* [Records for processing]
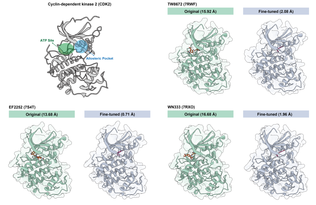 IntelliFold 2 构建了一套 “微观原子精度” 与 “宏观构象一致性” 协同的表征体系:在微观层面,它能以原子级分辨率捕捉氨基酸侧链的细微偏移;在宏观层面,则能维持蛋白质整体拓扑结构的物理合理性。以此通用表征为基石,通过针对性地引入别构数据进行高效微调,模型进一步习得了解析复杂别构效应的能力。
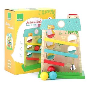 Barevný kaskádový domek značky Vilac je krásná dřevěná hračka, s kterou si děti užijí mnoho zábavy. Domek má 3 rampy na obou stranách a tak se dřevěné míčky pohybují shora dolů, ze strany na stranu. A když míček dojede do cíle, zazvoní kovový zvoneček. Poutavá hračka podporující logické myšlení.
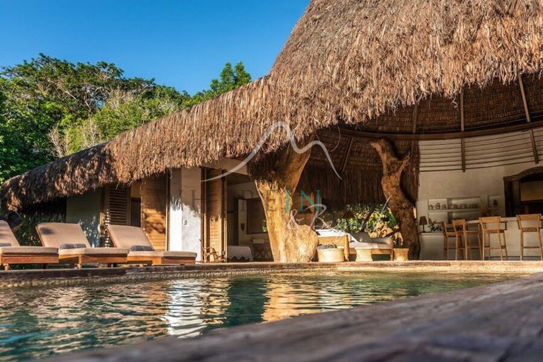 The architecture is unique, inspired and soothing. The layout — with the kitchen at the heart of the home and the suites and pool around it — brings warmth, creativity and a sense of connection with nature.
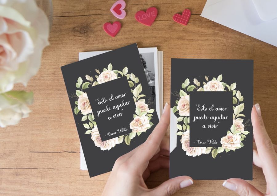 Si hay un libro o autor que os identifique como pareja, esta idea es perfecta para crear vuestras invitaciones de boda. La literatura está llena de mensajes románticos y seguro que hay uno que siempre recordáis. Te dejamos algunos ejemplos:
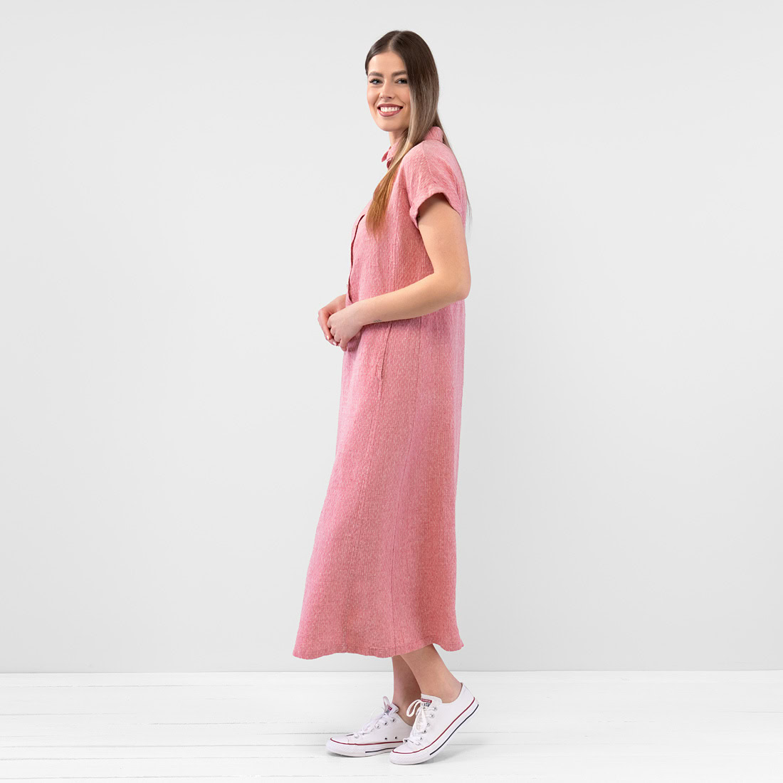 - Model produktu: fason trapezowy (litera A), luźny krój, długość maxi, krótkie rękawy
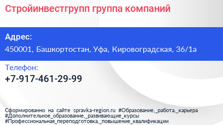 Стройинвестгрупп, группа компаний по адресу 450001, Башкортостан, Уфа, Кировоградская, 36/1а в дальнейшем Организация, размещена в следующих категориях:
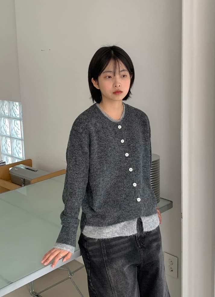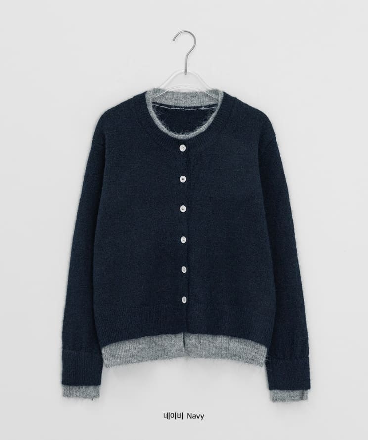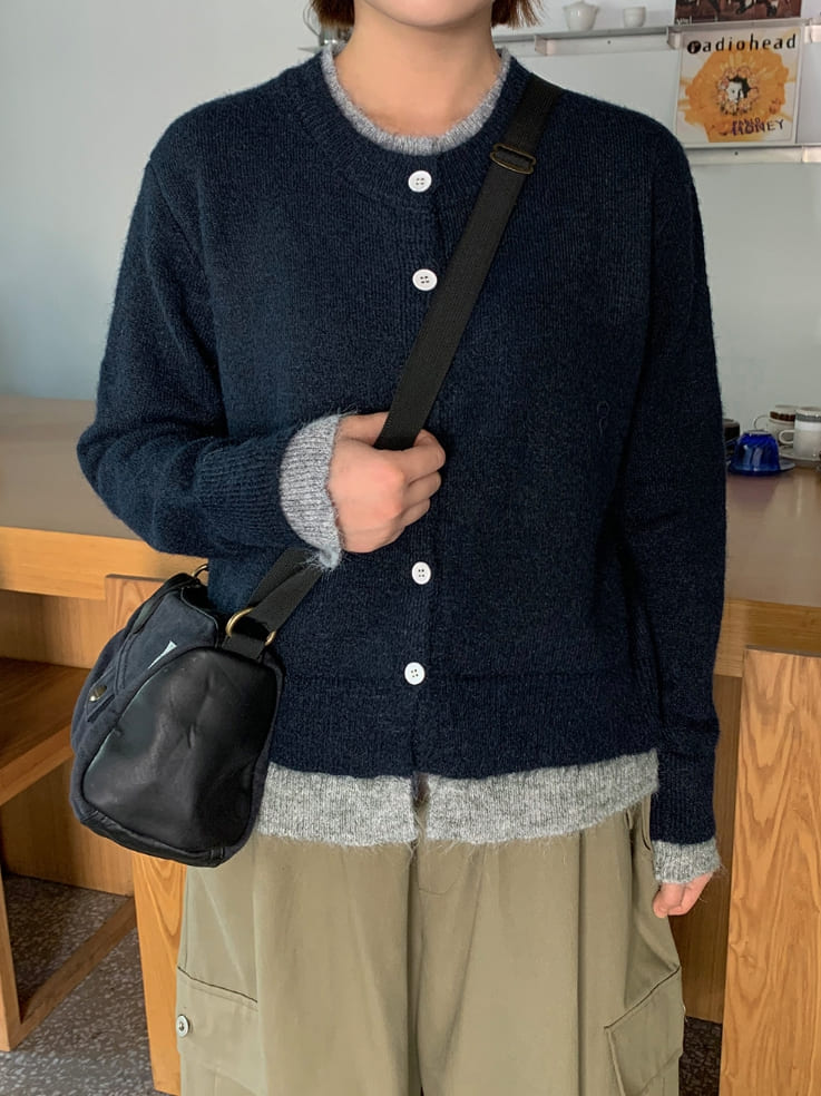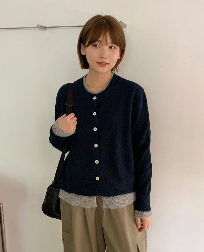 タイチンスカラーレイヤードウールラウンドニットカーディガン
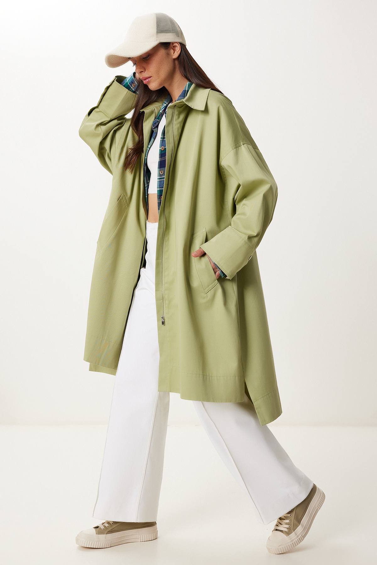 Kahverengi Oversize Fermuarlı Panço Trençkot Kahverengi Oversize Fermuarlı Panço Trençkot TR-01 L
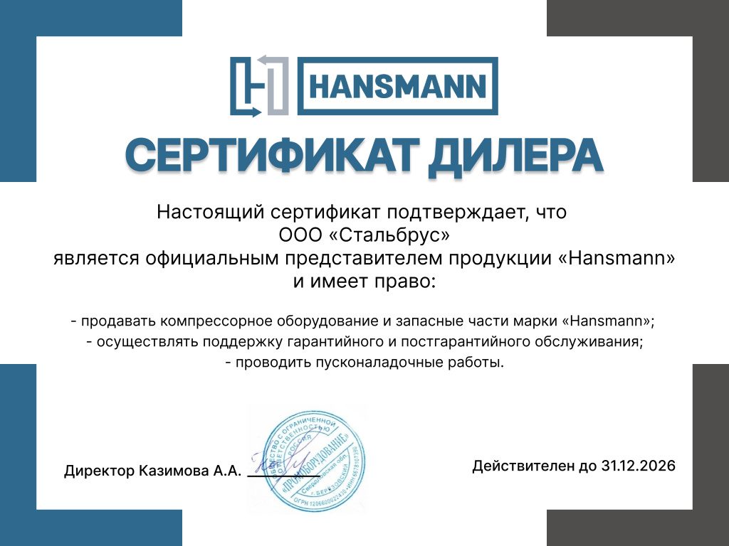Сертификат дилера HANSMAN
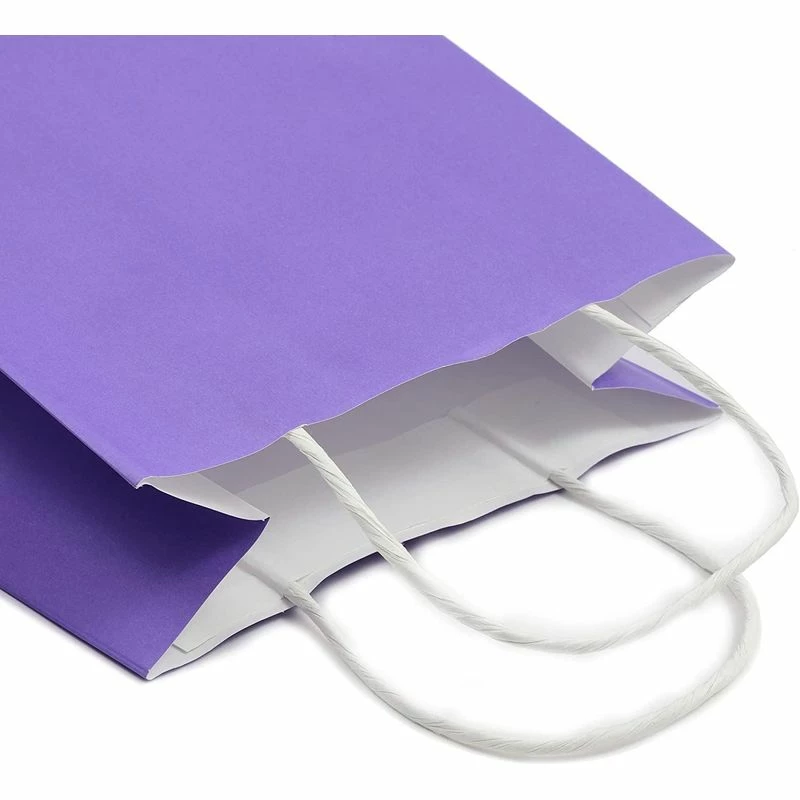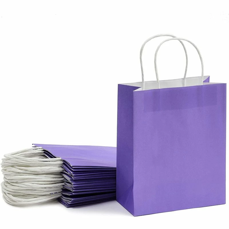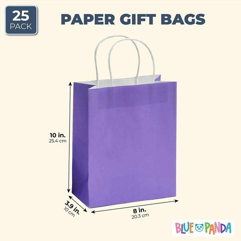 25 Pack Purple Paper Gift Bags with Purple Handles, 8 L x 4 W x 10 H inches (Medium Sized)
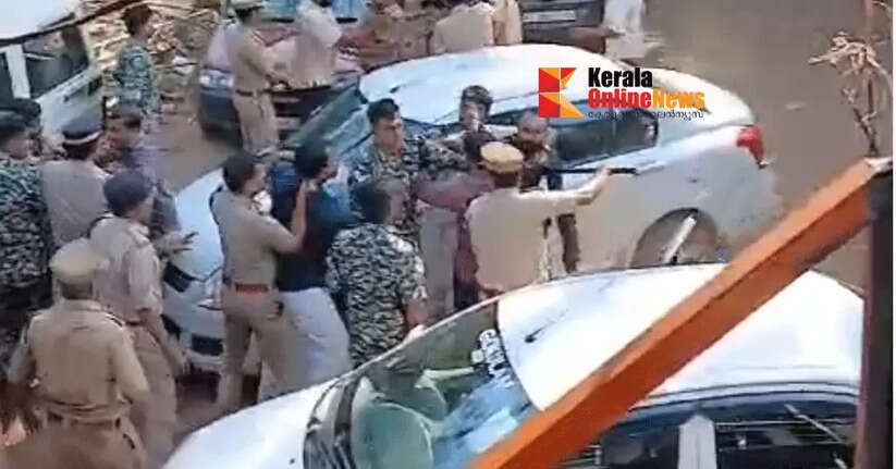 മന്ത്രിയുടെ വാഹനത്തിന് മുൻപായുള്ള പൊലിസ് എസ് കോർട്ട് വാഹനവും മന്ത്രിയുടെ വാഹനവും പ്രതിഷേധക്കാർ തടഞ്ഞതോടെ അൽപനേരം റോഡിലായി. ഉടൻ പൊലിസുകാരി റങ്ങി സമരക്കാർക്കെതിരെ ലാത്തി വീശുകയും ബലപ്രയോഗത്തിലൂടെ മാറ്റാൻ ശ്രമിക്കുകയും ചെയ്തു. പിടി വലിക്കിടെയിൽ ഒരു പ്രവർത്തകൻ്റെ ഉടുമുണ്ട് ഉരിഞ്ഞു. കൂടുതൽ പൊലിസിറങ്ങിയാണ് മറ്റൊരു വാഹനത്തിൽ പ്രവർത്തകരെ ബലം പ്രയോഗിച്ചു മാറ്റിയത്. പത്തോളം പേരെയാണ് പൊലിസ് കസ്റ്റഡിയിലെടുത്തു നീക്കിയത്.
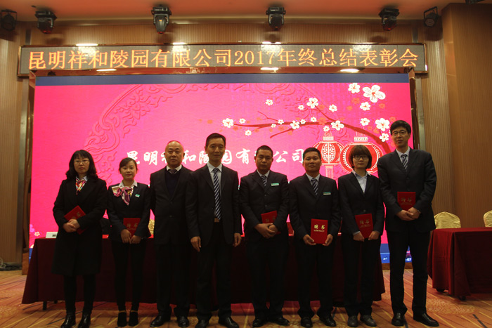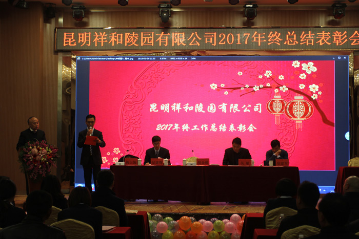 2018年2月7日,在春節來臨之際,祥和陵園在呈貢鑫盛達國際酒店舉辦了2017年度總結表彰大會,公司領導出席了此次會議,公司全體職工、天壽營銷中心以及祥安全體職工參加了祥和陵園2017年度總結表彰會。
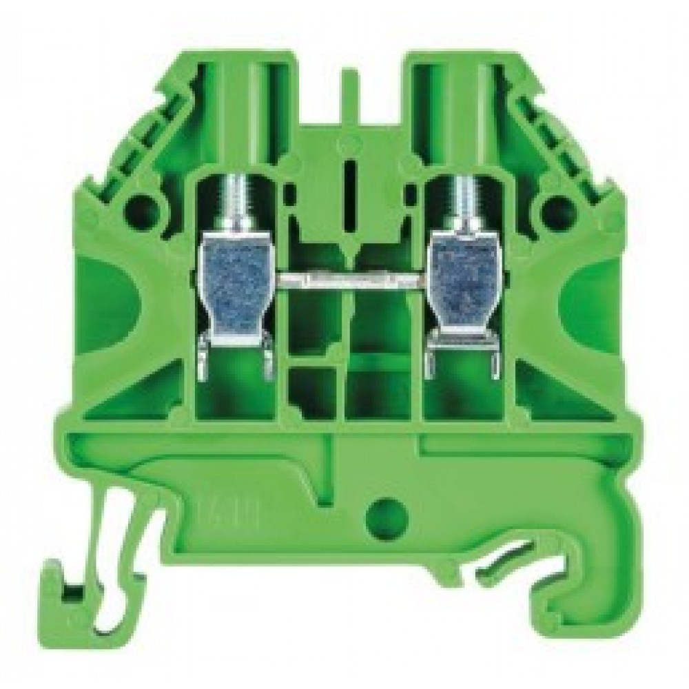 Проходная клемма, тип фиксации провода: винтовой, номинальное сечение: 4 мм кв., 32A, 800V, ширина: 6,2 мм, цвет: зеленый, тип монтажа: DIN35

* [Problem statement] Exactly those lines that run from the line holding "മന്ത്രിയുടെ വാഹനത്തിന് മുൻപായുള്ള" to the end of the listing above, both included, are to be reproduced, with pictures left out.

* [Exercise result]
 മന്ത്രിയുടെ വാഹനത്തിന് മുൻപായുള്ള പൊലിസ് എസ് കോർട്ട് വാഹനവും മന്ത്രിയുടെ വാഹനവും പ്രതിഷേധക്കാർ തടഞ്ഞതോടെ അൽപനേരം റോഡിലായി. ഉടൻ പൊലിസുകാരി റങ്ങി സമരക്കാർക്കെതിരെ ലാത്തി വീശുകയും ബലപ്രയോഗത്തിലൂടെ മാറ്റാൻ ശ്രമിക്കുകയും ചെയ്തു. പിടി വലിക്കിടെയിൽ ഒരു പ്രവർത്തകൻ്റെ ഉടുമുണ്ട് ഉരിഞ്ഞു. കൂടുതൽ പൊലിസിറങ്ങിയാണ് മറ്റൊരു വാഹനത്തിൽ പ്രവർത്തകരെ ബലം പ്രയോഗിച്ചു മാറ്റിയത്. പത്തോളം പേരെയാണ് പൊലിസ് കസ്റ്റഡിയിലെടുത്തു നീക്കിയത്.
 2018年2月7日,在春節來臨之際,祥和陵園在呈貢鑫盛達國際酒店舉辦了2017年度總結表彰大會,公司領導出席了此次會議,公司全體職工、天壽營銷中心以及祥安全體職工參加了祥和陵園2017年度總結表彰會。
 Проходная клемма, тип фиксации провода: винтовой, номинальное сечение: 4 мм кв., 32A, 800V, ширина: 6,2 мм, цвет: зеленый, тип монтажа: DIN35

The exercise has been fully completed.